DATA TO PROCESS -
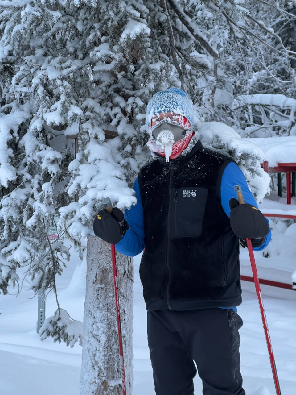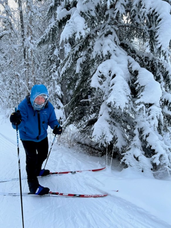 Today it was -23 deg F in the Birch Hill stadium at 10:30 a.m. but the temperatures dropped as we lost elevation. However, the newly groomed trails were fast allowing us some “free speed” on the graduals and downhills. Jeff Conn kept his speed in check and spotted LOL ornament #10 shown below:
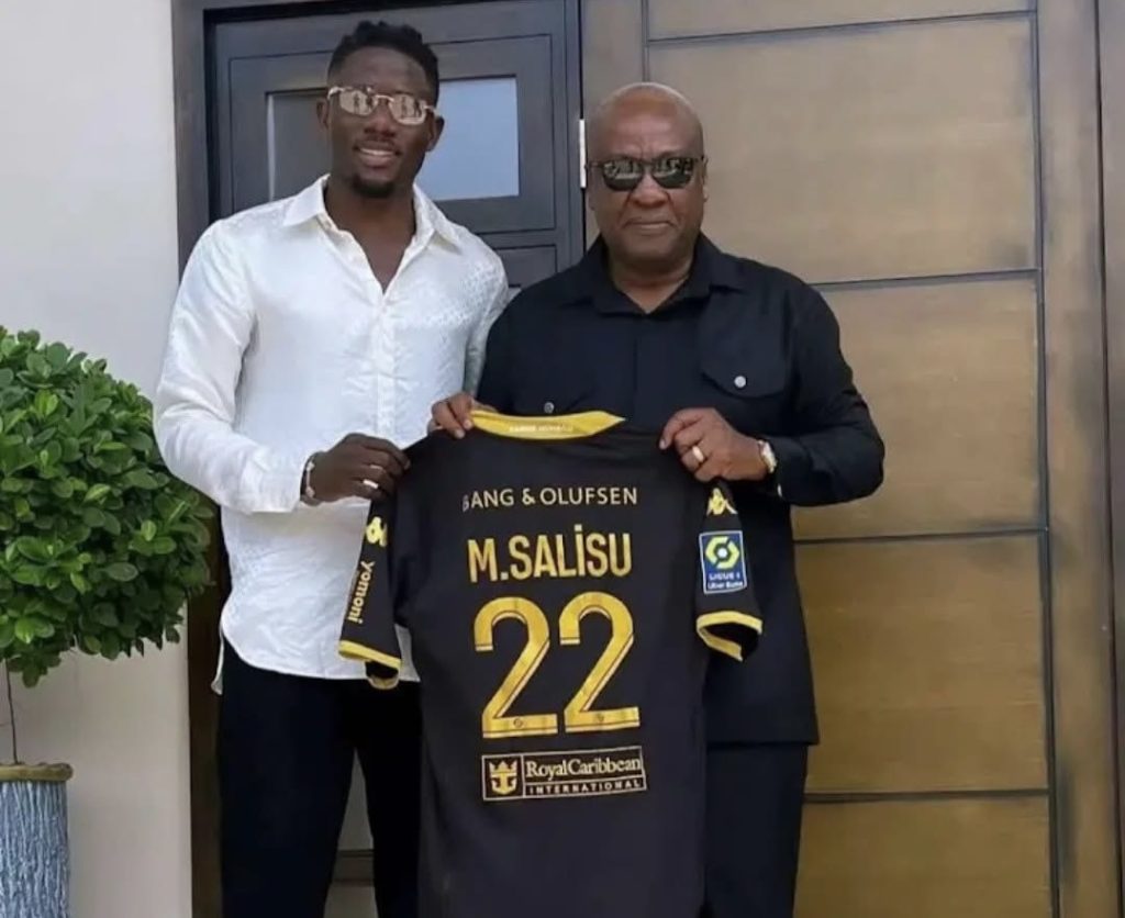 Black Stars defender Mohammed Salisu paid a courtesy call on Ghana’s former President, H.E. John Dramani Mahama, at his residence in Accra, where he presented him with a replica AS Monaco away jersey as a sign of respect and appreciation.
* * *
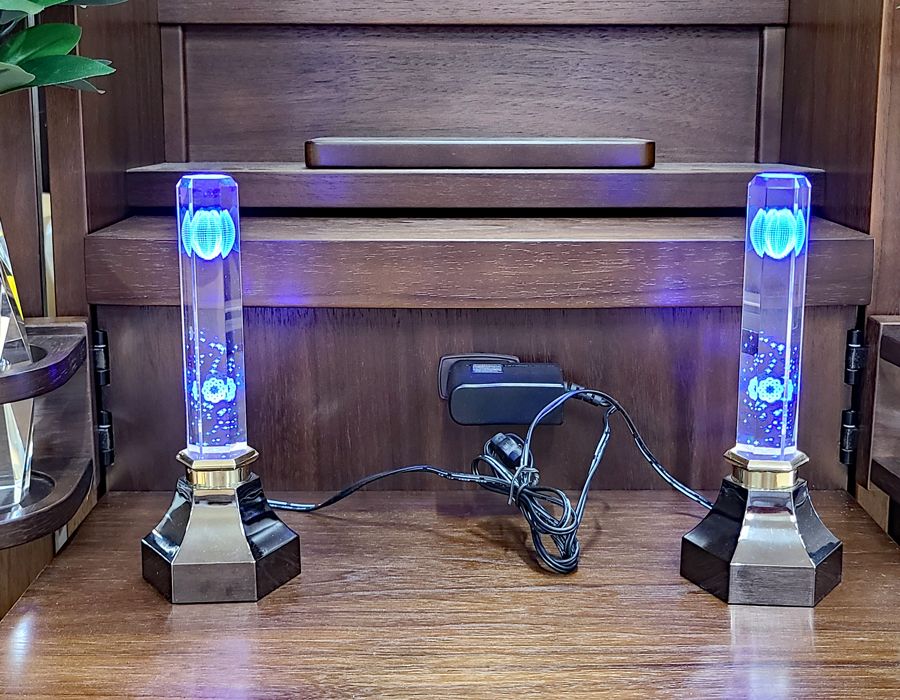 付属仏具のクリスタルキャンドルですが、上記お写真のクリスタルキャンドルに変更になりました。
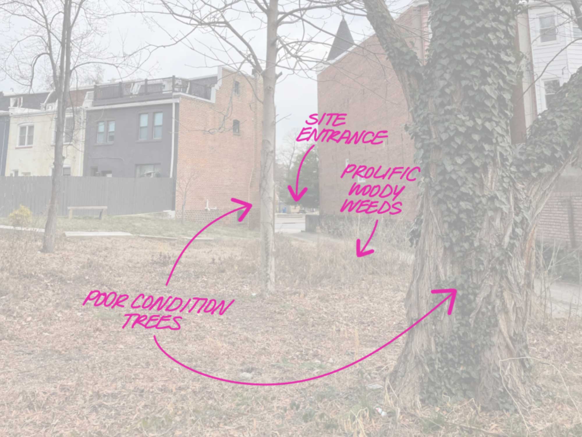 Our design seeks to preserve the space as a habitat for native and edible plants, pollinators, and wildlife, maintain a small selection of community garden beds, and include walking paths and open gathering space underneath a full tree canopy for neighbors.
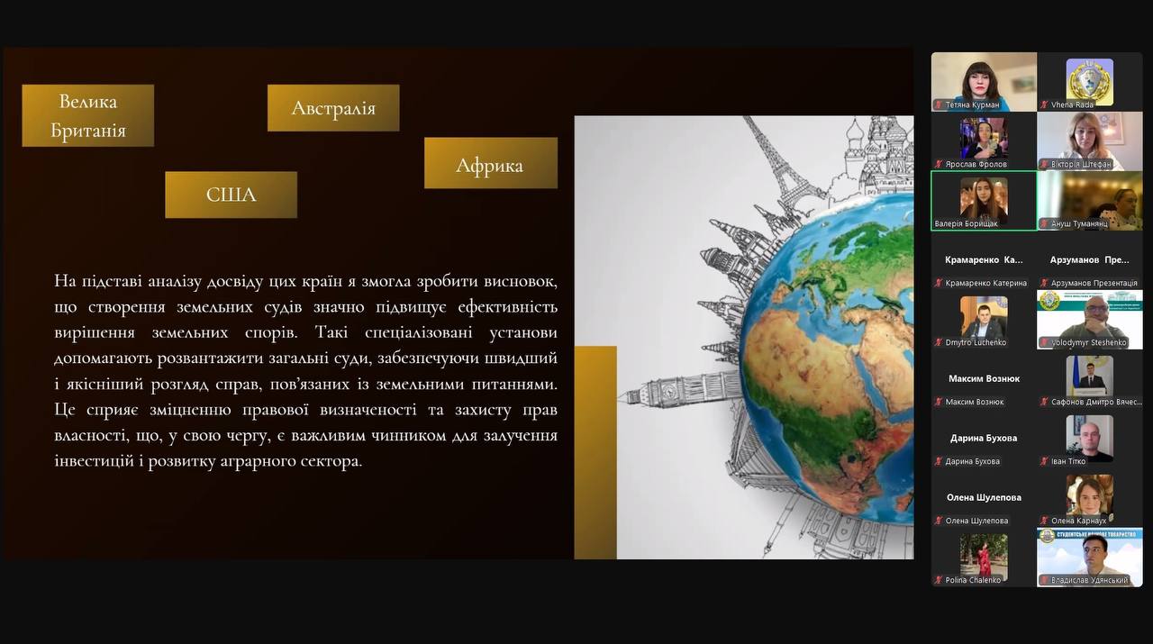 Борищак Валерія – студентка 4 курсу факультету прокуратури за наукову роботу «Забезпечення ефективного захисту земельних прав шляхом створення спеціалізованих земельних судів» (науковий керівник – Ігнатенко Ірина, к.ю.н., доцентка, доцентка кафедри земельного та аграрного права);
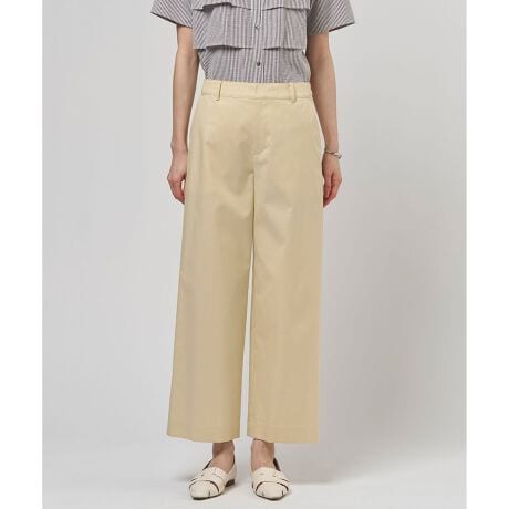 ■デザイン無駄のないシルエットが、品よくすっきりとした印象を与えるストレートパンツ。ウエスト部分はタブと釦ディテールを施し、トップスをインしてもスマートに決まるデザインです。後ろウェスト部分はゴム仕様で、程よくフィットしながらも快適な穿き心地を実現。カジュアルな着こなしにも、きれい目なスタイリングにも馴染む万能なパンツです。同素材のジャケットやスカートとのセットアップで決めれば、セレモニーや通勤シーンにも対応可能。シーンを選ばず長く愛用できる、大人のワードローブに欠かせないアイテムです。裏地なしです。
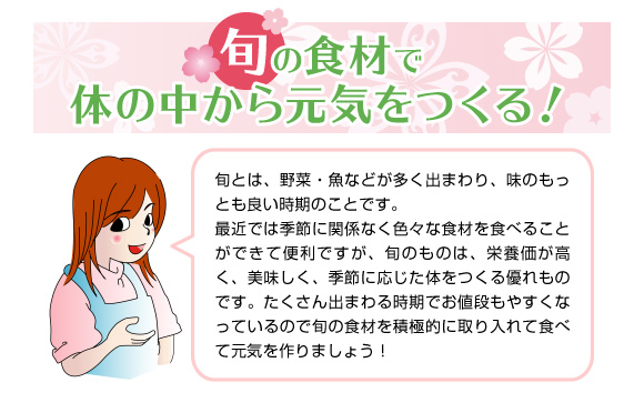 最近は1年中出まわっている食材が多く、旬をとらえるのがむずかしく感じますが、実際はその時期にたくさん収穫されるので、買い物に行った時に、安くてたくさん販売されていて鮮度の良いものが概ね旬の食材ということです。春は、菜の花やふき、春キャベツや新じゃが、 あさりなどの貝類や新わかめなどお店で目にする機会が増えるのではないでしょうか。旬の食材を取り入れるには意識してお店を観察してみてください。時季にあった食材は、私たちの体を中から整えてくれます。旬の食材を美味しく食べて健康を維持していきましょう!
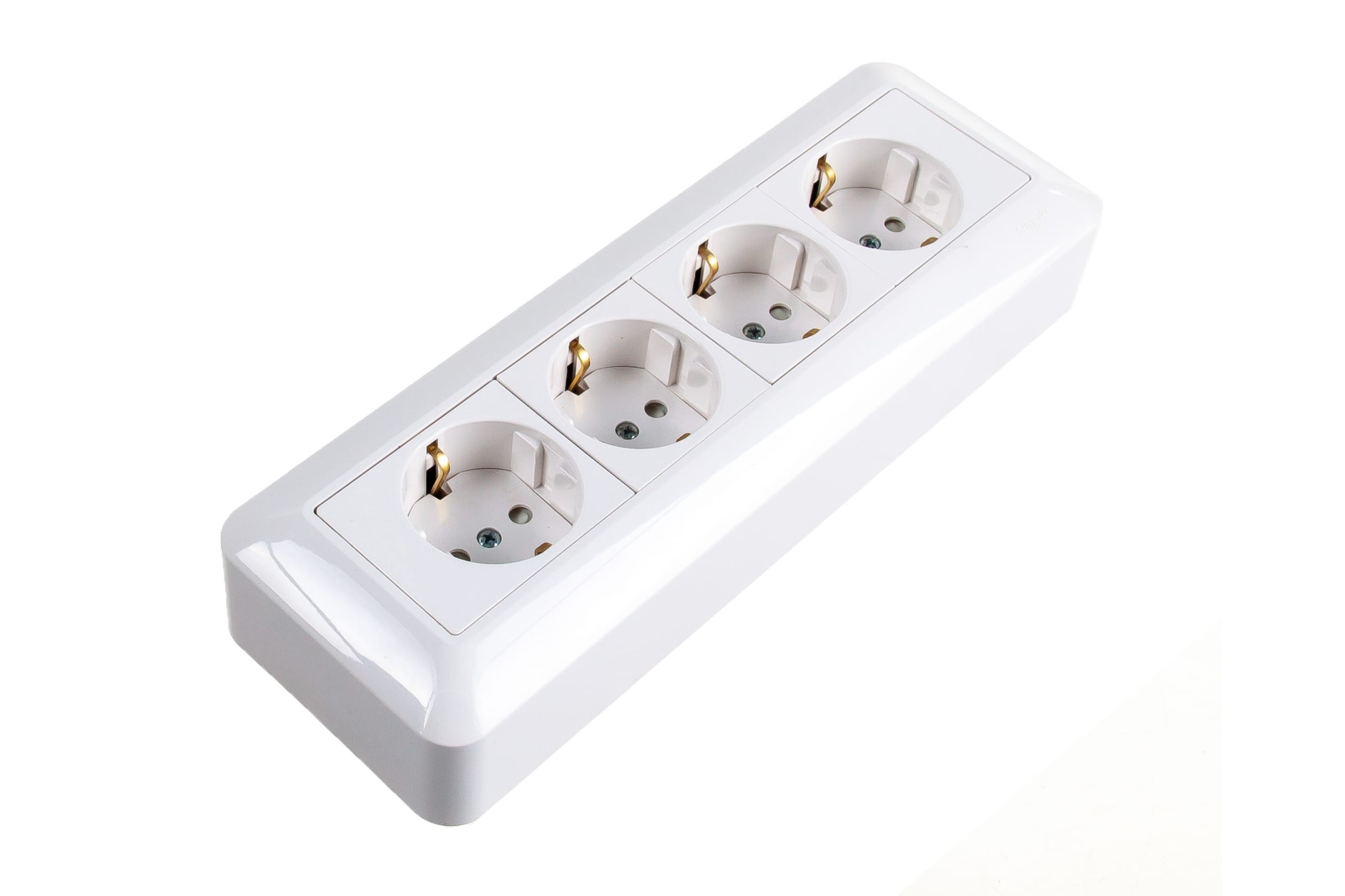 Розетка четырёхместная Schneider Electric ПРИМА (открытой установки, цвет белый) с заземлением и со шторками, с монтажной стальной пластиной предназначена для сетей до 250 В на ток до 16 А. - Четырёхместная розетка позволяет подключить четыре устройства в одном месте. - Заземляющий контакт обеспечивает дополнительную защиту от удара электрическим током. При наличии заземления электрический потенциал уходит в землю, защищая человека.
--
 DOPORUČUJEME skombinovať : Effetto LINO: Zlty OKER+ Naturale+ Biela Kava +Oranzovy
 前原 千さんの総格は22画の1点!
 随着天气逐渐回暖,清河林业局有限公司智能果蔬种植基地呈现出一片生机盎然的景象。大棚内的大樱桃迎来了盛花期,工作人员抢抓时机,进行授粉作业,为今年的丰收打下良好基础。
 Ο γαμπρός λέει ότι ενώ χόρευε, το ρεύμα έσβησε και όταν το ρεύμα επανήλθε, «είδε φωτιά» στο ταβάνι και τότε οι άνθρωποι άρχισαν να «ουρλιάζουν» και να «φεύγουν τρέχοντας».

THE TASK -
In the records above, copy exactly everything from the line that has "Today it was" down to the line that has "Black Stars defender", both ends included, and leave out the pictures.

RESPONSE TO THE EXERCISE -
 Today it was -23 deg F in the Birch Hill stadium at 10:30 a.m. but the temperatures dropped as we lost elevation. However, the newly groomed trails were fast allowing us some “free speed” on the graduals and downhills. Jeff Conn kept his speed in check and spotted LOL ornament #10 shown below:
 Black Stars defender Mohammed Salisu paid a courtesy call on Ghana’s former President, H.E. John Dramani Mahama, at his residence in Accra, where he presented him with a replica AS Monaco away jersey as a sign of respect and appreciation.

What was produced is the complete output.